Sarah Steelman is the first Republican woman in Missouri history to be elected to the office of State Treasurer. A working mother with a long career in public service, Steelman became Missouri’s 44th state Treasurer on January 10, 2005. She is responsible for the management of more than $19 billion in Missouri’s annual revenue, and oversees the investment of more than $3 billion in long- and short-term investments in the state’s portfolio. She also is in charge of the state’s efforts to return more than $300 million in cash and valuables to citizens through the unclaimed property program.
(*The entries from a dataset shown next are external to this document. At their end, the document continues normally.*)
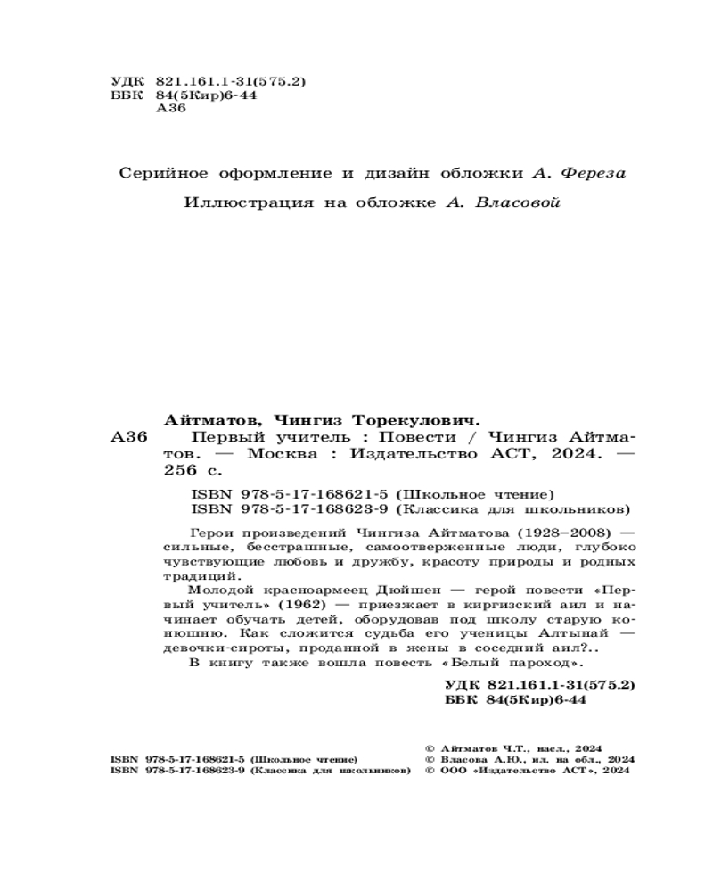 💳 Оплатить за товар можно при получении 🇰🇿 Есть бесплатная доставка по Казахстану от 1 дня 🎁 Копите бонусы с каждой покупки Серия: Классика для школьников Герои произведений Чингиза Айтматова (1928–2008) — сильные, бесстрашные, самоотверженные люди, глубоко чувствующие любовь и дружбу, красоту природы и родных традиций. Молодой красноармеец Дюйшен — герой повести «Первый учитель» (1962) — приезжает в киргизский аил и начинает обучать детей, оборудовав под школу старую конюшню. Как сложится судьба его ученицы Алтынай — девочки-сироты, проданной в жены в соседний аил?.. |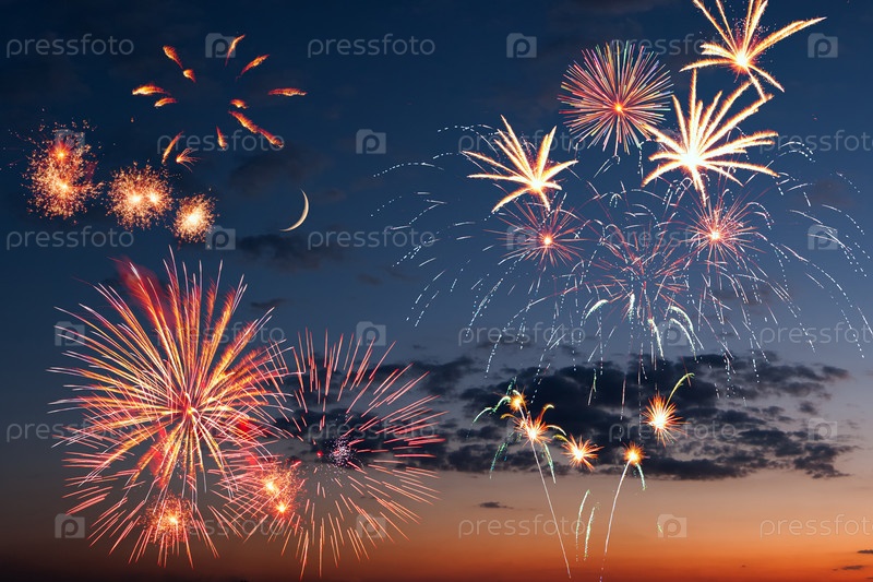 Фейерверк на фоне вечернего неба
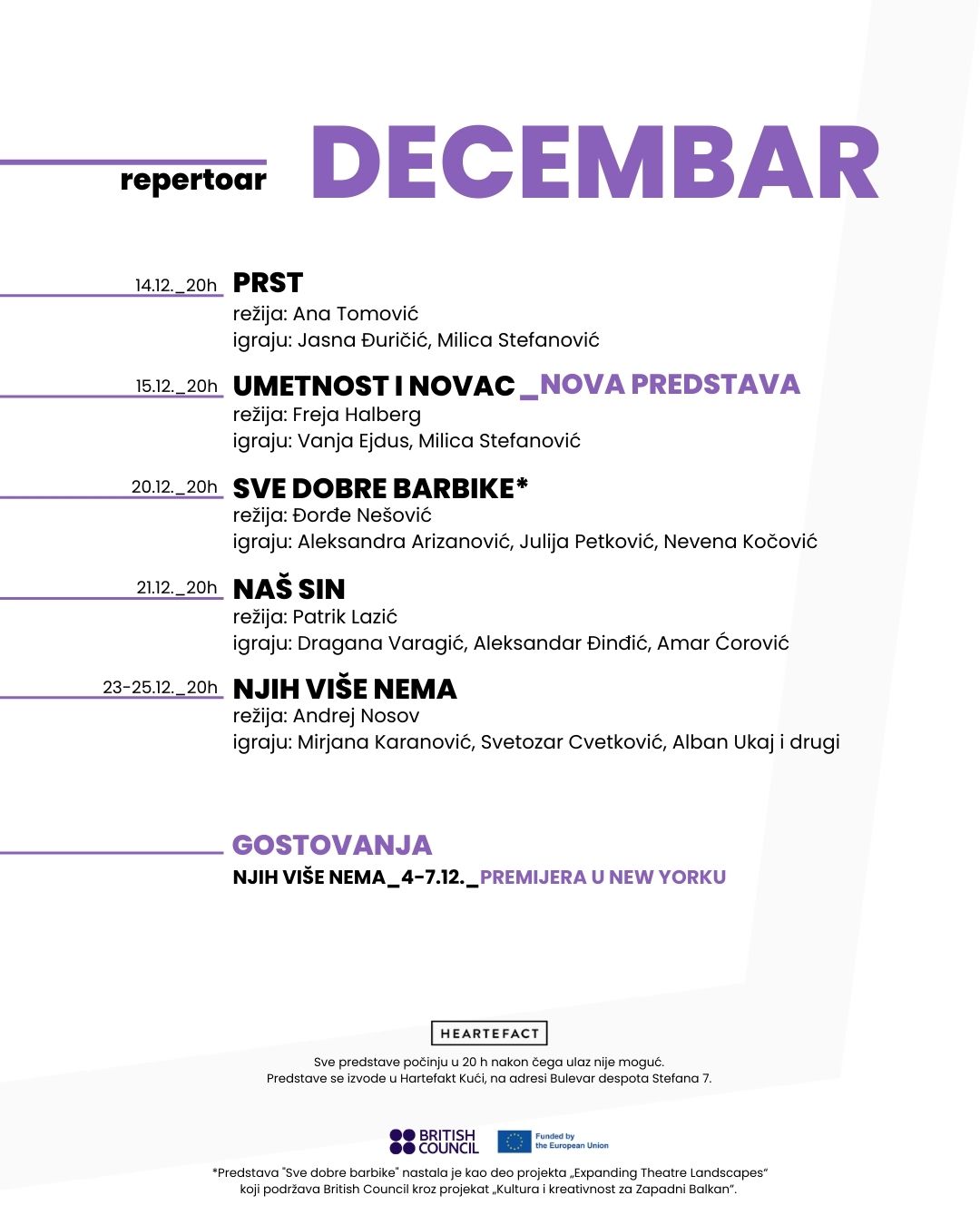 Objavljen je decembarski repertoar u Hartefakt Kući!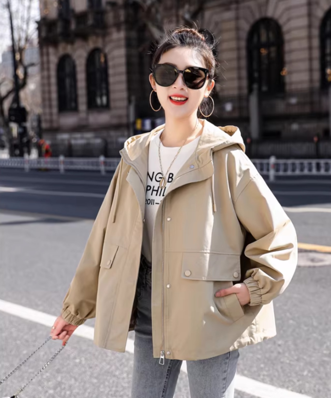 フード付きでカジュアルに着こなせるマウンテンパーカー。両サイドのパッチポケットがアクセントになり、機能性も兼ね備えています。普段使いはもちろん、旅行やアウトドアなど、様々なシーンで活躍する一枚です。
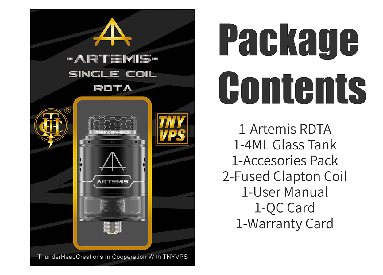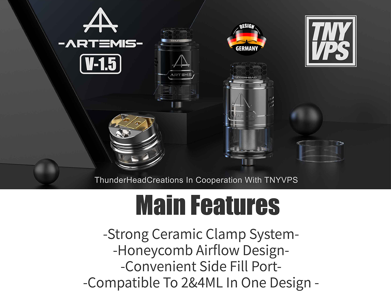 ThunderHead Creations Artemis RDTA V1.5 Comes With Postless Build Deck Featuring With Strong Ceramic Clamp System.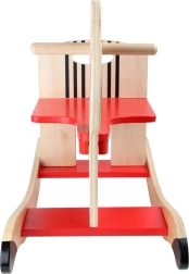 Balansarea dezvoltă în mod natural motricitatea grosieră, întărește stabilitatea trunchiului și susține coordonarea și simțul echilibrului. Lemnul natural elegant, cu accente roșii, se potrivește perfect în camera copilului. Produsul necesită asamblare simplă – este inclus un ghid ilustrat.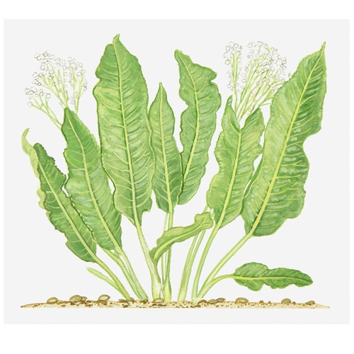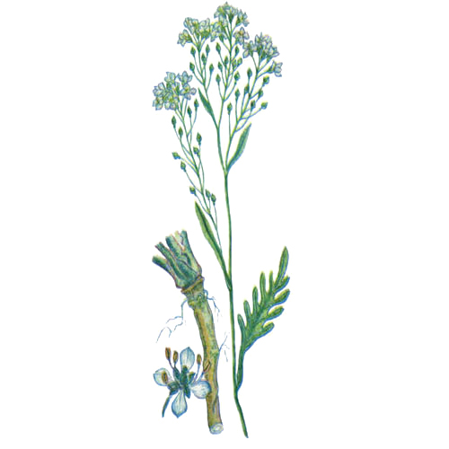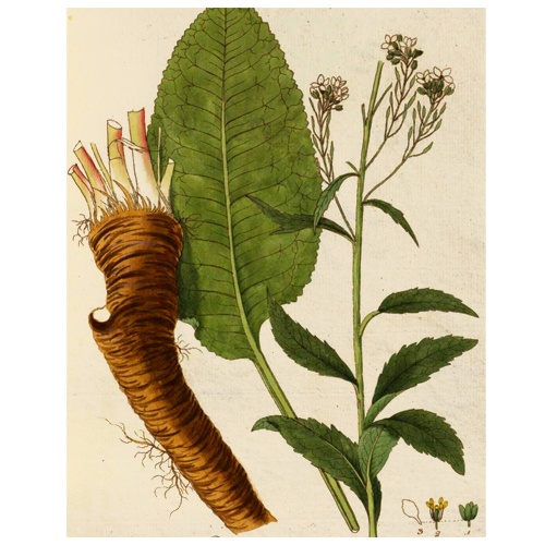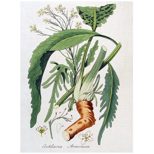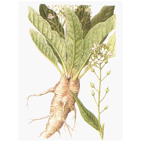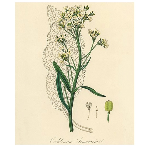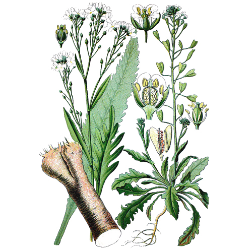Синонимы: варуха, ложечная трава, ложечный хрен, морской салат. Многолетнее травянистое растение с крупной прикорневой розеткой листьев и мясистыми корнями, семейства крестоцветных (Cruciferae). От корня отходит один или несколько прямостоячих стеблей высотой 1,5 м с очередными стеблевыми листьями. Прикорневые листья длинночерешковые, крупные, продолговатоовальные, длиной 30-60 см, шириной 10-15 см. Цветки белые, собраны в многоцветковые кисти. Плод - двухгнездный стручок почти шаровидной формы, 5-6 мм длины. Цветет с мая до июня. Ареал и места произрастания. Природный ареал - Европа (за исключением арктических районов), Кавказ и Сибирь. Произрастает по берегам рек, на сырых местах. Химический состав. Все части растения содержат эфирное масло, имеющее резкий специфический запах и вкус. Жгучий запах и вкус корней обусловлены наличием горчичного масла и синигрина. Свежий сок корня содержит фермент лизоцим, обладающее антимикробной активностью, тиамин, рибофлавин, каротин, жирное масло, крахмал, углеводы (74 %), смолистые вещества. Листья содержат 240-350 мг %, а корни 120-250 мг % аскорбиновой кислоты. В листьях обнаружены каротин, алкалоиды; в семенах - жирное масло и алкалоиды. В корнях хрена много минеральных солей (калия, кальция, магния, железа, меди, фосфора, серы и др.). Выход эфирного масла из корней после ферментации 0,05 %, его главной составной частью является аллилгорчичное масло. Кроме того, эфирное масло содержит фенилэтил- и фенилпропилгорчичное масла. В растении содержится также пероксидаза хрена - фермент, широко используемый в молекулярной биологии. В частности, этот фермент используется в иммуноферментном анализе для визуализации реакции, ассоциированной со взаимодействием антиген-антитело (окисление дианизидинового красителя с переводом в окрашенную форму), а также в некоторых методиках определения специфичных белков в образце с использованием люминесценции. Свежий корень имеет острый своеобразный вкус, при скоблении издает очень острый запах и вызывает слезотечение. При хранении постепенно теряет указанные свойства.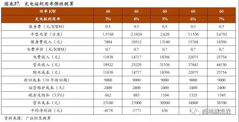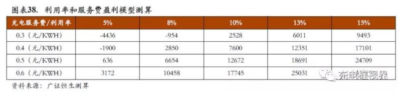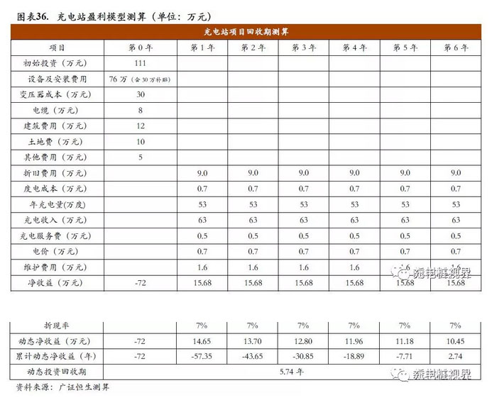 充電站建設(shè)回收期約5.74年。以配備10臺每臺充電樁的功率為60KW充電樁的分散式充電站為例,在目前利用率10%、充電服務(wù)費(fèi)0.5元/kwh、10年平均折舊法測算的假設(shè)下,回收期僅僅需要5.67年,較短的成本回收期開始吸引社會資本流入充電設(shè)施建設(shè)領(lǐng)域。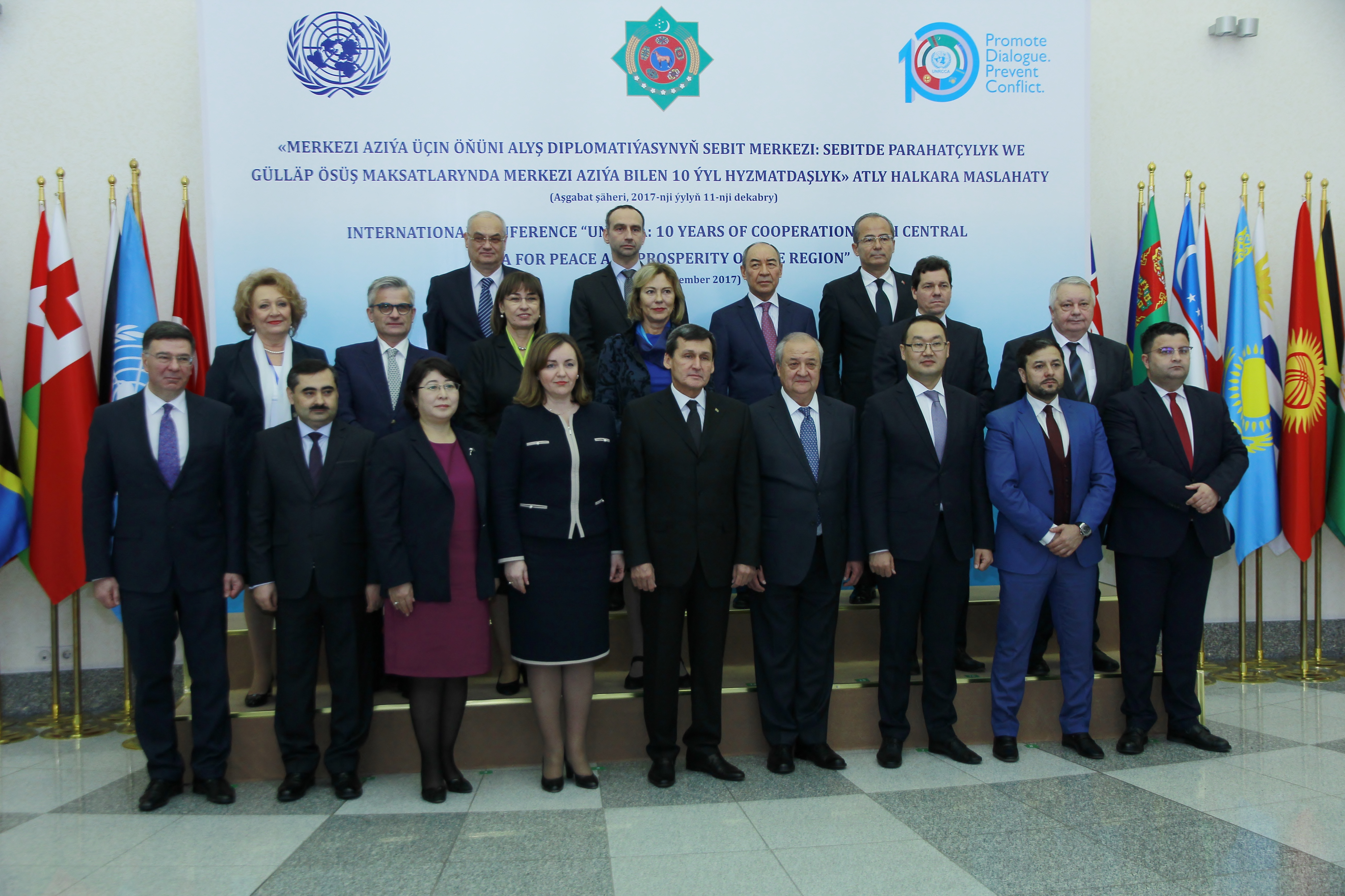 Ashgabat, December 11, 2017: On 11 December 2017, the UN Regional Centre for Preventive Diplomacy for Central Asia (UNRCCA) conducted a Meeting of Central Asian Foreign Ministers, on the occasion of the Centre’s 10th anniversary and the International Neutrality Day. This meeting, which brought together Ministers and Deputy Ministers from the Republic of Kazakhstan, the Kyrgyz Republic, the Republic of Tajikistan, Turkmenistan, the Republic of Uzbekistan, as well as the Islamic Republic of Afghanistan provided an opportunity to exchange views on peace and security developments in the region, and agree on ways to enhance regional cooperation, with the support of UNRCCA.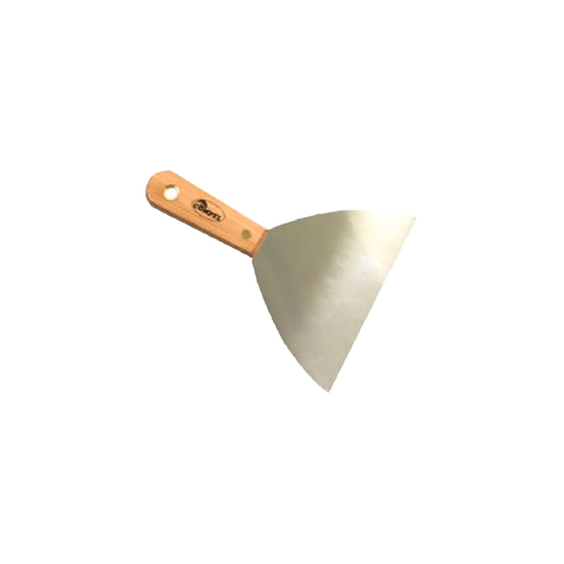 Possui lâmina em aço inoxidável, resistente à corrosão e flexível, ideal para aplicação de massas, raspagem de tintas e limpeza de superfícies. O cabo em madeira proporciona empunhadura firme, confortável e segura durante o uso.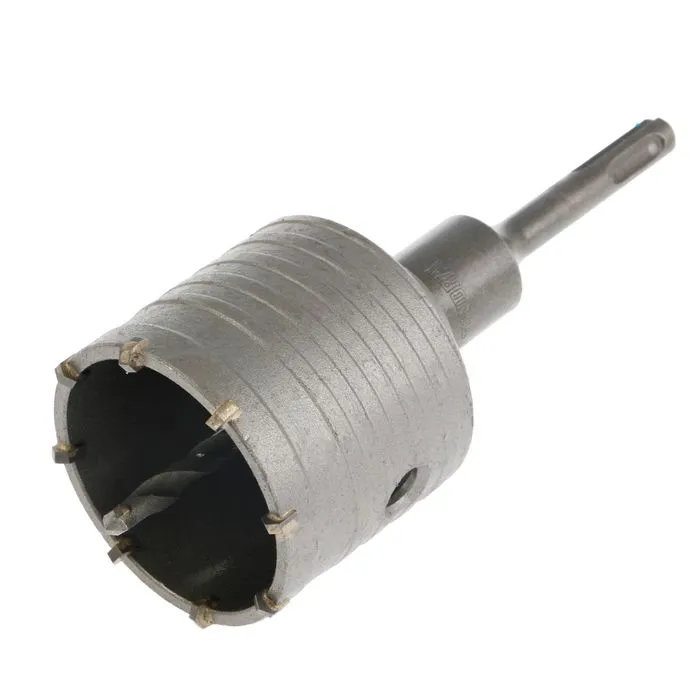 Коронка буровая ТУНДРА предназначен для перфораторов и дрелей. С помощью неё можно сверлить отверстия больших диаметров как в кирпичных, так и бетонных стенах.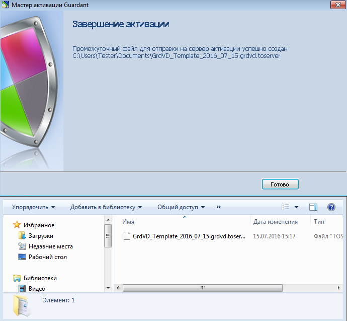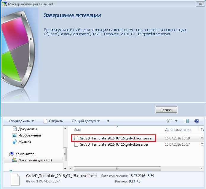 В результате будет сформирован еще один файл, который нужно перенести на целевой компьютер для завершения активации: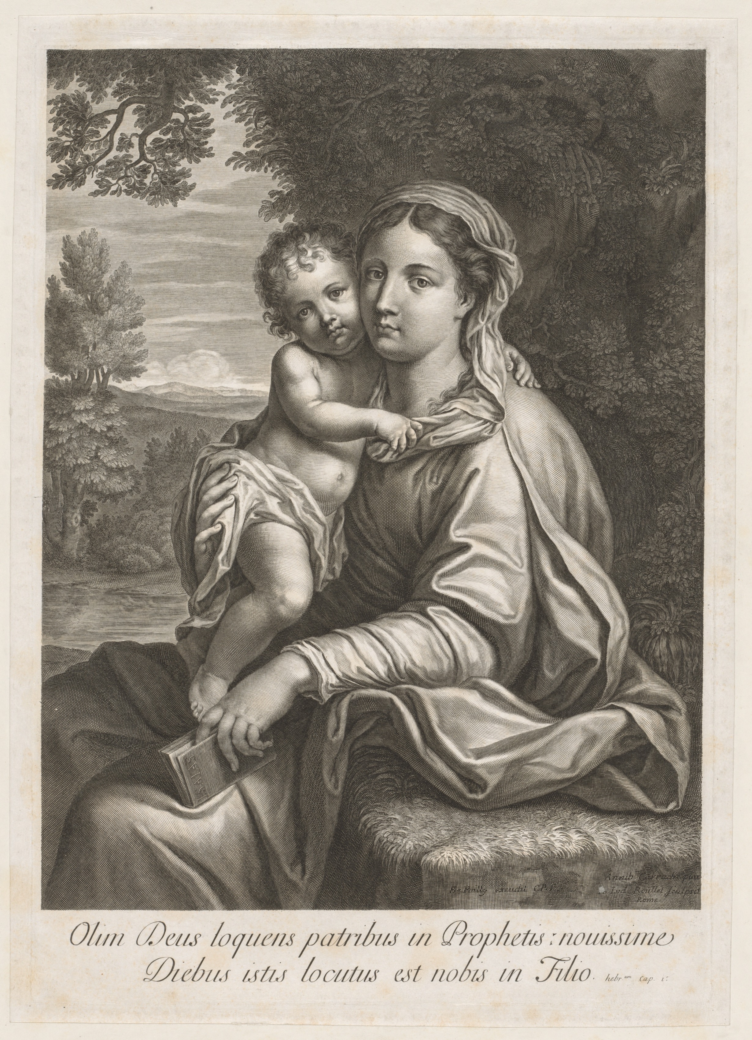 Black and white portrait of a woman and a baby. The woman is sitting and looking to her left. She has a head covering and long hair. She wears a long dress with a shiny fabric. The baby sits on her left leg and looks to his left. He wears a short cloth around his waist. The background shows trees, a body of water and mountains. There are two lines of text at the bottom. The woman's right arm supports the baby under his right arm. The woman's left hand holds a book.

And, she serves as chairman of the state’s Higher Education Savings Board, which administers the Missouri Saving for Tuition, or MOST program. This program helps citizens save for the college education of their children through a tax advantaged investment program. Previously, she served two terms as a Missouri state senator in the 16th District and as deputy director of Missouri Department of Natural Resources. She also served as director of the Big Brothers and Big Sisters program in Rolla, where she resides with husband, David, and their three sons.